On the one hand, executives realize the underlying importance of curiosity in helping to implement their firm’s strategy agenda when it comes to product and services innovation, outwitting competition, winning deals, and taking calculated risks in the pursuit of novel and creative outcomes, etc. On the other hand, these same executives are rejecting curiosity as something which goes against the grain of operational efficiency of the organization or that of their team.
A crucial misconception is that curiosity will naturally occur in any reasonably healthy workplace. In fact, curious work environments are rare. They require deliberate and consistent action. Here are some steps to help you as a leader promote a more curious work environment:
- Put curiosity on the team agenda.
- Show up as an all-around curious individual interested in the world, the people around you, and yourself.
- Ask for (reverse) feedback.
- Become aware of your question strategies. Are they open-ended or closed?
- Baseline your own curiosity as well as that of the team.
- Identify barriers to curiosity in the team, create quick wins and build on their success. Ask the team how they can help in creating a curious environment.
Do try out the above steps and explore on your own how curiosity can lead to building more successful and better performing organizational cultures.
I invite you to become aware of how you show up as a leader. Are you showing up with curiosity or with judgment?
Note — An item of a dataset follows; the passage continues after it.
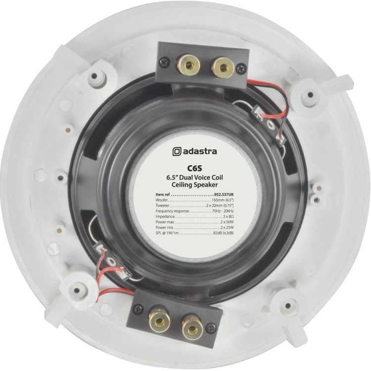 A ceiling mount speaker that provides both left and right stereo channels from a single point, whilst maintaining channel separation. The speaker has dual mylar dome tweeters combined with a dual voice coil, polypropylene woofer to deliver a full, rich sound. Ideal for installation in small rooms.
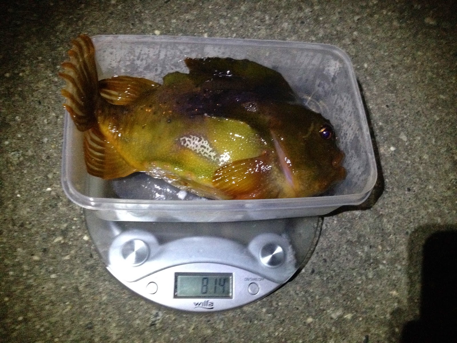 | Gråsteinbit er vanlig i forbindelse med bryggelanlegg. Denne veide knappe kiloen. |

Are you listening to fix or are you listening to learn? Are you projecting yourself a personal desire for continuous learning and growth or not (what type of questions do you allow in your team meetings; questions that confirm what you know already or questions that challenge the status quo)?
These questions will help you become aware of your own curiosity level, trigger you to make curiosity at work intentional, and help you start measuring progress.